A retired educator from Michigan, Robert Wesolowski spent nearly three decades teaching AP English in Livonia, Mich. “It was a good place to work and grow,” says Wesolowski, who earned a master’s and doctorate degree in English during his career.

In 1993, he retired from teaching high school and joined the faculty at Eastern Michigan University, where he taught in the English honors program for 10 years before retiring again.

Now a resident of The Villages—a retirement community near Ocala, Fla.—Wesolowski is still fighting for the future of education. Along with several likeminded retiree neighbors, Wesolowski created a weekly discussion group to explore national political issues. “We call ourselves the Dunkin’ Donuts Diabetic Democrats, or DDDD for short,” he says.

Wesolowski and a friend also created and registered a political action committee—which raised funds for Democratic politicians—and instituted an education scholarship that was sponsored by a local Democratic organization.

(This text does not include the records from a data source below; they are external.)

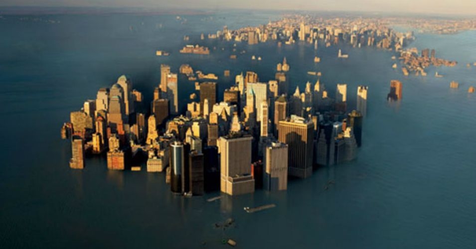 Roughly 10 feet of sea level rise—well beyond previous estimates—would render coastal cities such as New York, London, and Shanghai uninhabitable. (Image: Woodbine)
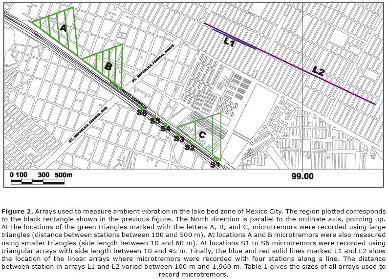 The studied region is located in the lake bed zone in Mexico City, close to the transition zone, along the trace of the Metro-A line (Figure 1). Triangular and linear arrays were deployed mainly along Ignacio Zaragoza avenue (Figure 2). Array aperture spanned a large range, from 10 to 1,960 m. Two different sensor types were used. Vertical sensors HV1 by Kinemetrics (5 s natural period) were used for the arrays smaller than 50 m. For these small arrays, HV1 sensors were installed forming a triangle and all three were cable connected to a single accelerograph. In this case, because the three signals were recorded by the same accelerograph, the sampling for all sensors was simultaneous. For larger triangles, we had to use independent recorders at each measurements point, and therefore had to check a common time base for all the records. We used GPS antennas to synchronize all recorders to GMT. If the accelerograph locks to the time signal received by the GPS antenna, then common time for all the records is guaranteed. There was only one triangle for which one of the accelerographs failed to lock its internal clock to the GPS time signal, and the record had to be discarded. For distances between stations of 60 m and larger, we used triaxial broad band sensors CMG40 by Guralp, able to record faithfully ground velocity down to 0.03 Hz, each one coupled to a different accelerograph. Ground vibration was recorded using K2 and Etna accelerographs by Kinemetrics.
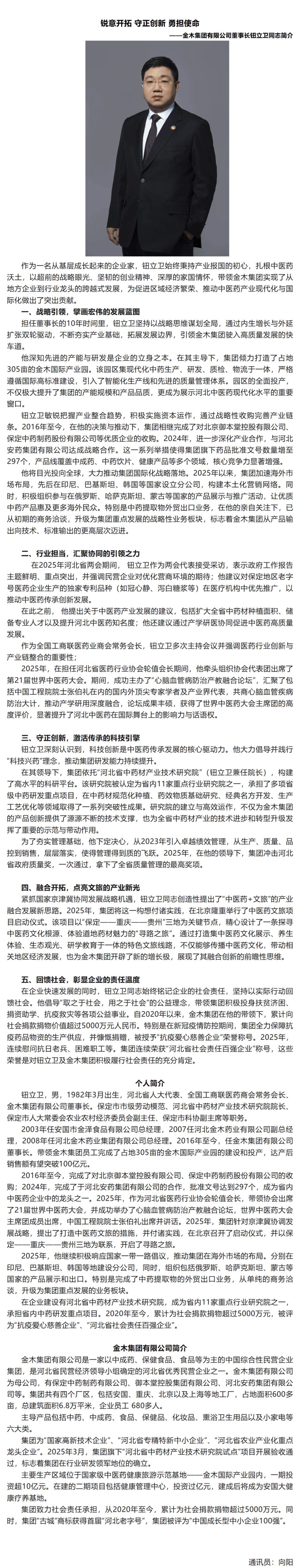 他以赤子之心传国药薪火,以奋进之力拓产业新程。他扎根千年药都,不困于传统、不怯于创新,紧扣健康中国布局,推动中医药产业迭代升级,让古老技艺在现代科技的赋能下焕发新生。他坚守“金品质、共分享”的初心,深耕科研、精益求精,以院士工作站为支撑筑牢产品根基;心系民生、践行使命,躬身公益、传递温暖。他沉稳笃行、远见卓识,以实干扛起企业责任,以坚守传承国药文脉,在大健康赛道上步履铿锵,书写着民营企业家的奋进与担当。
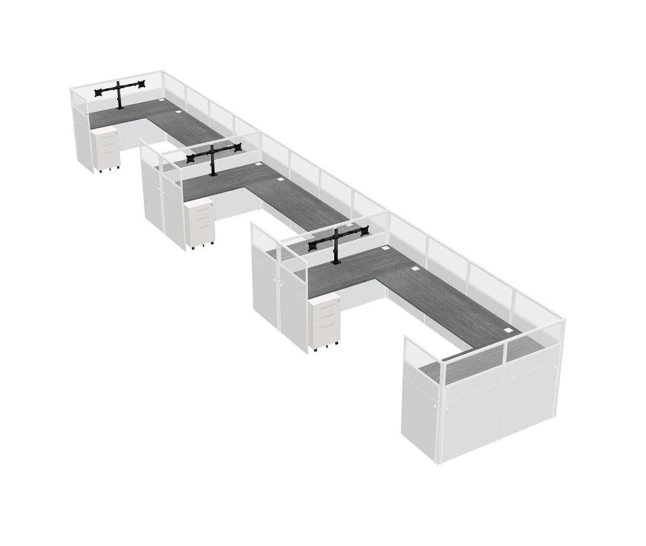 Grey U-shaped Panel System For 3 Person + Monitor Arm (double Arms) + Metal Mobile Drawers For 3 User(s)
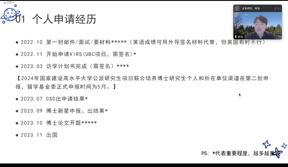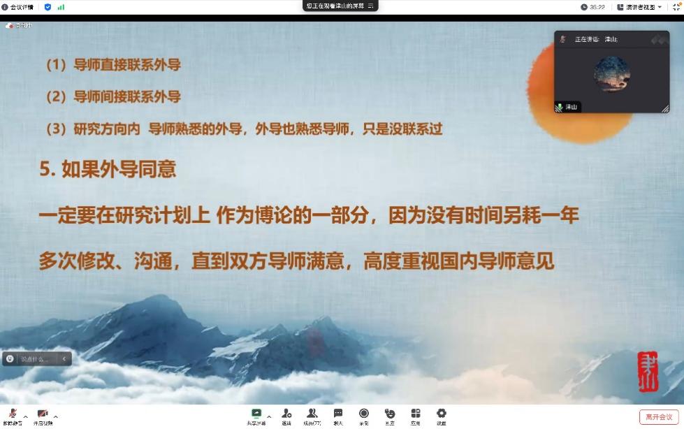 逆势而上”。陈浊同学也提到了国外访学博士生以“非正式访客身份”融入国际学术共同体的困境,分享了海外学习生活的思考,提醒同学们需要考虑清楚联培的真实意义。最后,熊甸双同学分享了特别的改派经历,如果因为客观原因无法按计划出访,最晚可以在派出时间一个月前申请改派。
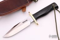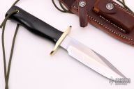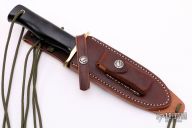 This Model 15-5.5 Airman by Randall Made Knives features a satin finished clip point blade with sharpened top edge, .217" blade stock and 1.233" blade depth, full tang construction. The handle is comprised of a nickel silver guard and black linen micarta grip. Brass lanyard tube with lanyard in pommel. Includes brown leather sheath with belt loop and sharpening stone, comes with original paper wrapping. New from maker.
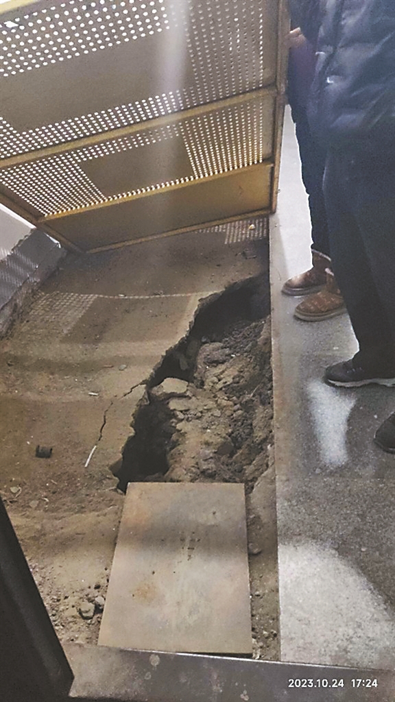 更让居民难以接受的是,楼道里竟然还有大坑!在居民的带领下,记者从3号楼4单元开始,一直走访到9单元,发现所有的单元门都大敞四开,过道也没完工。记者在5单元看到,楼内过道的路面被破开,铺了一层号石,没有抹水泥,上面还有一块铁皮围挡,在旁边留了一条半米宽的水磨石地面,供居民上楼使用。其他单元也是同样的情况,有的围挡下面还没来得及填实,能看到大坑。有的单元连过道都没留,居民进出要走铁皮和木板搭起来的跳板。
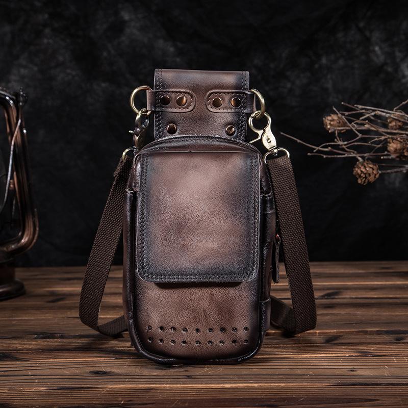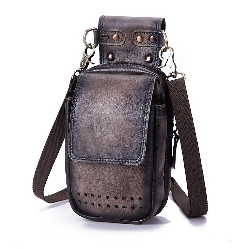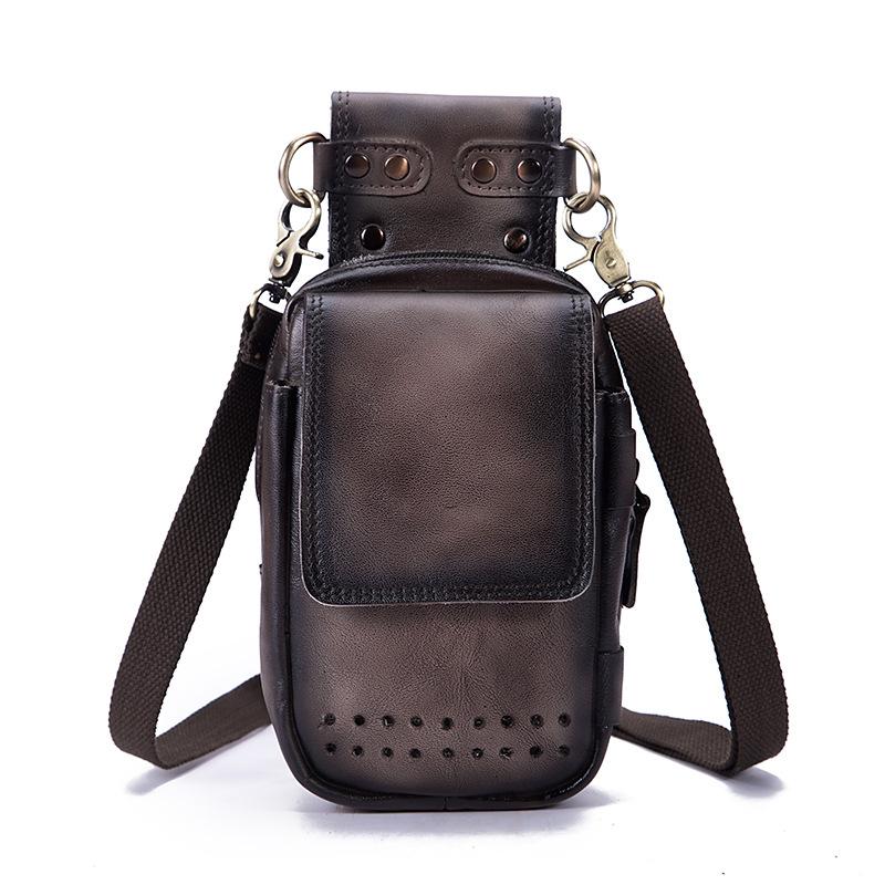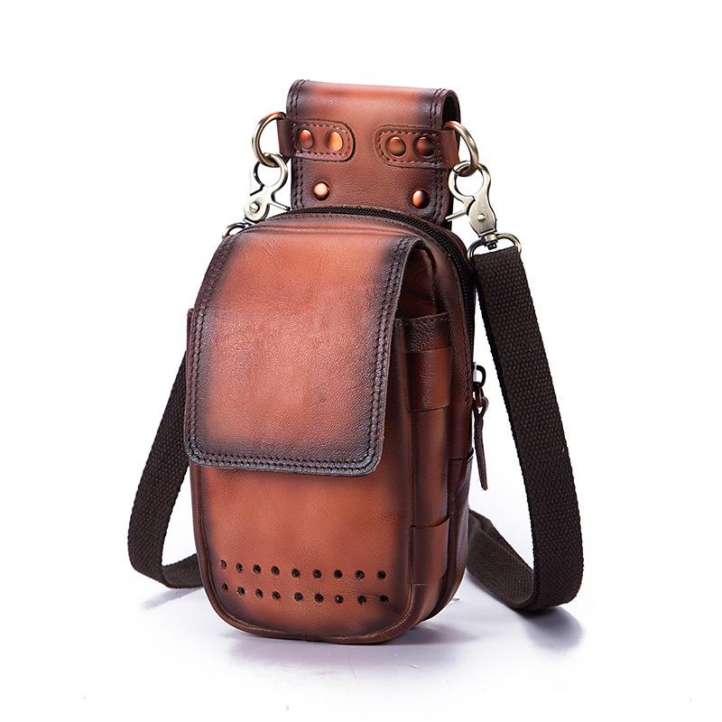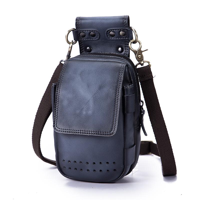 Design: Cool Orange Leather Men's Sling Bag One Shoulder Backpack Blue Sling Crossbody Pack For Men

“We arranged dinner parties at local restaurants and golf outings at local golf clubs,” says Wesolowski. “It [was] a good way to bring in other Democrats for more support.”

To keep Democratic voters engaged and informed during the entire year, Wesolowski also distributes “The Village Independent Progressive PAC,” an e-newsletter that keeps more than 1,000 voters abreast of local and national political news.

“If we don’t get involved in politics,” says Wesolowski, “then the quality of public schools will suffer. We need to stay active and help ensure that politicians who care about education are elected.”